Registered Dietitian, Certified Specialist in Sports Dietetics, Metabolic Efficiency Training Specialist

Fri Jan 10, 2020

shelf of supplements

“For that extra edge” … “Focus” … “My coach recommended it” …“To fill in nutritional gaps” … “I figure it wouldn’t hurt” … “My teammate uses it” … “I read it boosts endurance” … “To reduce muscle soreness” … “Isn’t this what the pro’s use?”

Fill in the blank with your own reason(s) behind using, or considering, a supplement, because the list is endless. Thus, every time a client of mine inquiries about a supplement, I respond with the following:  

Why do you want or feel like you need this supplement? What result are you looking for? And why do you feel like ‘Supplement X’ is the best option?

I am not only a Registered Sports Dietitian, but I am also a competitive endurance athlete. Professionally and personally, I respect the drive for next-level performance, and the demand athletes put on their bodies calls for supplementation at certain points in a training cycle. Just as an athlete will periodize their training, so too should they periodize their nutrition and supplement regime. Fluctuations like training load, nutrition, injury, time of year, blood and lab results, and performance goals, among other factors, should dictate supplement usage.

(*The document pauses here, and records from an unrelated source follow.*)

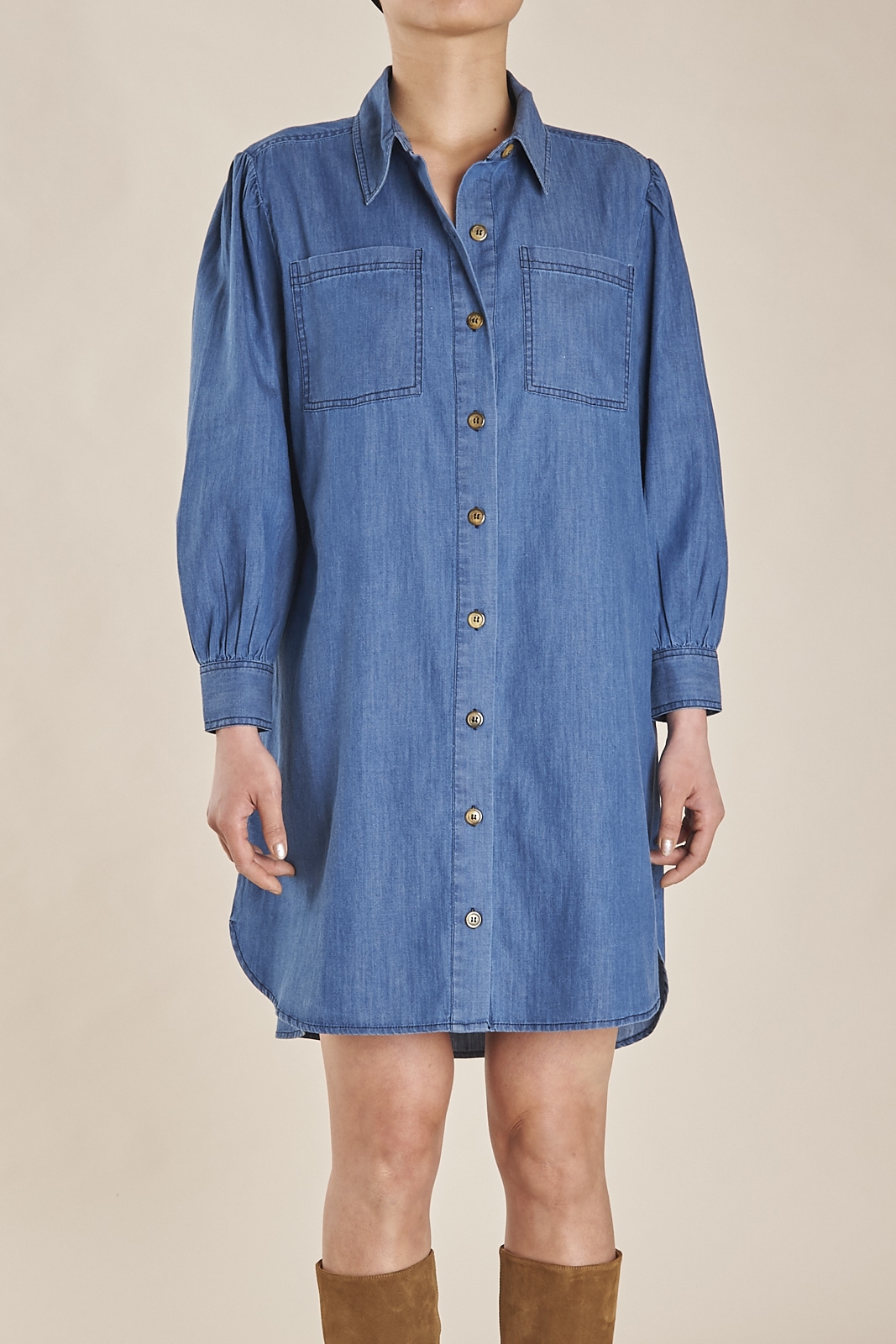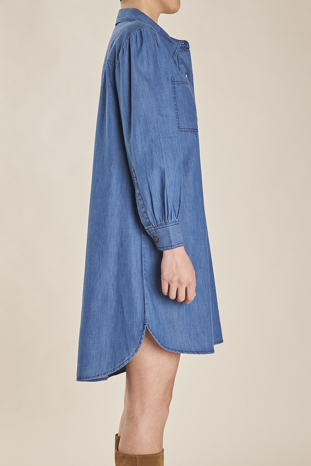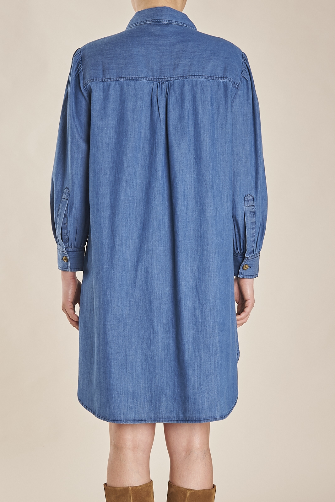 Das Kleid Salomé in der Farbe Chambray Denim von Petite Mendigote besteht aus 100% Baumwolle.
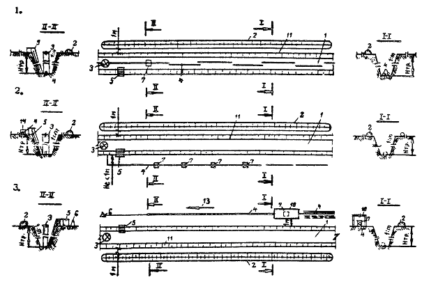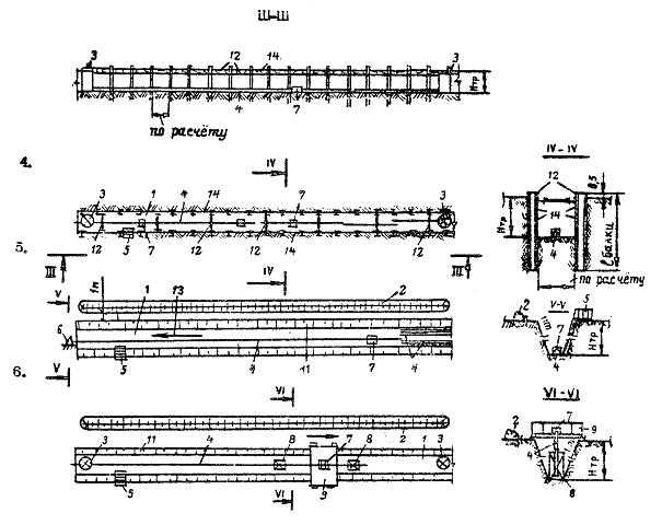 1 - траншея; 2 - отвал грунта; 3 - канализационный колодец; 4 - ПЭ трубы; 5 - лестница; 6 - лебедка; 7 - установки для сборки соединений ПЭ труб; 8 - опорные стойки; 9 - передвижная платформа; 10 - навес (или бытовка); 11 - откос; 12 - элементы креплений траншеи; 13 - направление движения ПЭ трубы к лебедке; 14 - доски-забирки
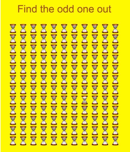 In the above image, you need to identify that one odd sand clock that is different from the others in the picture. An alert mind can find the odd sand clock within 5 seconds. Here’s a hint for you! Look at all the sand cloks carefully.
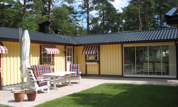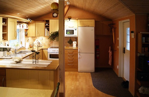 Cottage of 70 m² and outdoor space (the outside room is not winter bean) of about 16 m2. Nice living room with kitchen and dining area are open plan. The kitchen is fully equipped with stove, fridge and freezer, microwave, dishwasher, coffee maker and kettle. In the living room stove create both warmth and coziness (wood included in the rent). TV (with several Allente channels, also German channels), DVD and radio / CD. available. The cottage has two bedrooms, one double and one with twin beds, all with comfortable spring mattresses. The tiled bathroom has underfloor heating and contains a shower, toilet and washbasin with washstand. There is also a laundry room with washing machine. Hot summer days can be enjoyed on the terrace with wooden garden furniture with soft cushions and large parasol and barbecue. Sometimes it's wonderful to be in the glazed conservatory with comfortable furniture and enjoy the day. At Easter and Christmas holidays, the cottage atmospheric lavishly. Free Wifi is included.
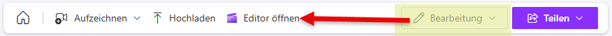 Um das Video mit dem Clipchamp Videobearbeitungstool zu bearbeiten, muss der Bearbeitungsmodus aktiv sein. Dann öffnet sich die Tür, um das Video mit dem Clipchamp Editor zu öffnen:
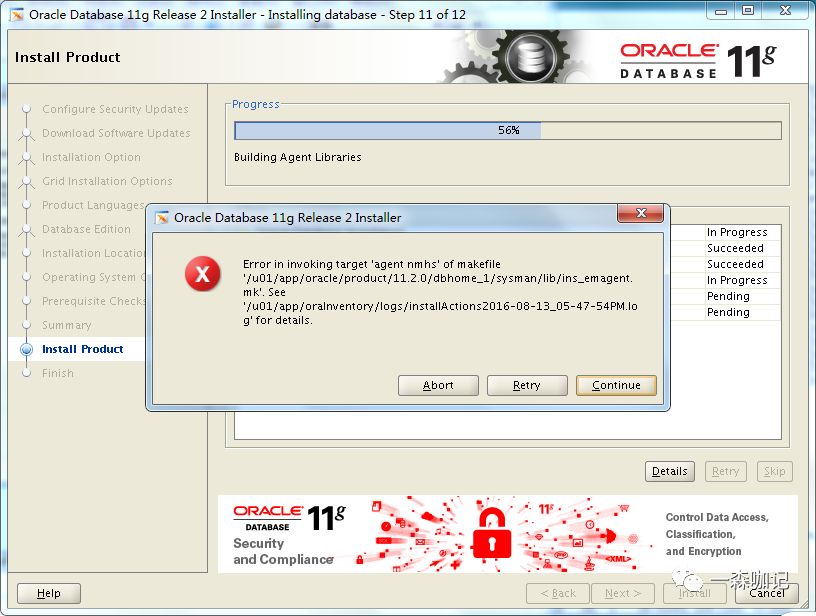 将ins_emagent.mk文件中的$(MK_EMAGENT_NMECTL)更改为$(MK_EMAGENT_NMECTL) -lnnz11,然后在安装过程中点击Retry即可。
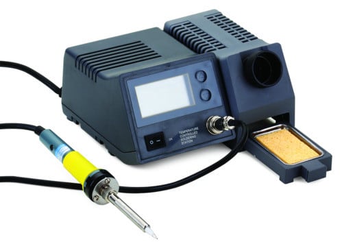 Stazione saldante con controllo della temperatura da 150° a 450°C.Temperatura visualizzata sull'ampio display e facilmente impostabile tramite pulsanti.** Caratteristiche Generali **Alimentazione: ElettricaFunzioni: SaldatorePotenza: 48WTensione di funzionamento: 230VFrequenza: 50HzTemperatura: 150/450°CMateriale corpo: PlasticoClasse di isolamento ICompleto di cavo di alimentazione non separabile con spina Schuko.
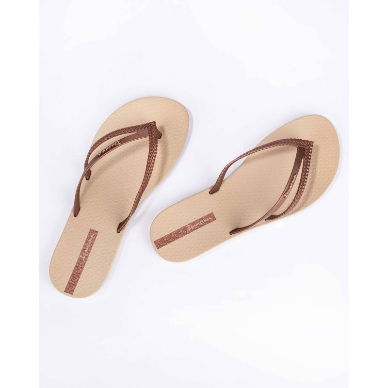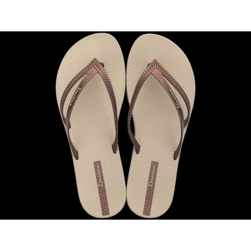 Stylowe damskie japonki idealne na lato. Posiadają oryginalną konstrukcję z podwójnym paskiem z subtelną plecionką. Wysokiej jakości materiały zapewniają klapkom niezwykły komfort noszenia.
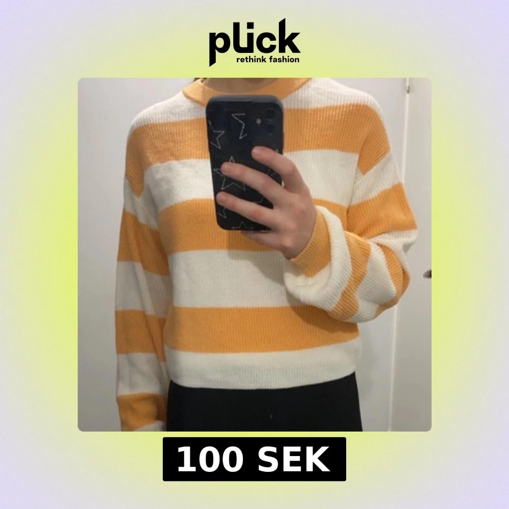 Säljer en superfin randig stickad tröja i orange och vit. Den är perfekt för höst och vår med sina långa ärmar och mjuka material. Tröjan är croppad och har en normal passform. Perfekt för en avslappnad och stilren look!
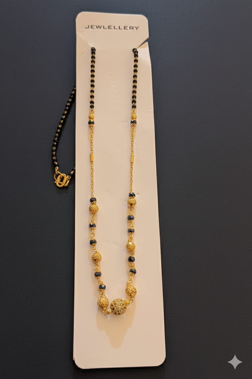 A Mangalsutra featuring a gold-toned chain with black beads, which is traditional Indian bridal jewellery. The design includes alternating sections of small black beads, golden tubular beads, and larger, ornate golden beads, culminating in a decorative, diamond-cut or studded golden center pendant/bead cluster.

The American College of Sports Medicine (ACSM) and the International Olympic Committee (IOC) state that “dietary supplements are not needed in the presence of adequate energy intake from a balanced diet, but may benefit athletes who consume suboptimal diets with low micronutrient density or have increased energy or micronutrient demands that cannot be met through food alone.”  

In other words, food first, supplements second.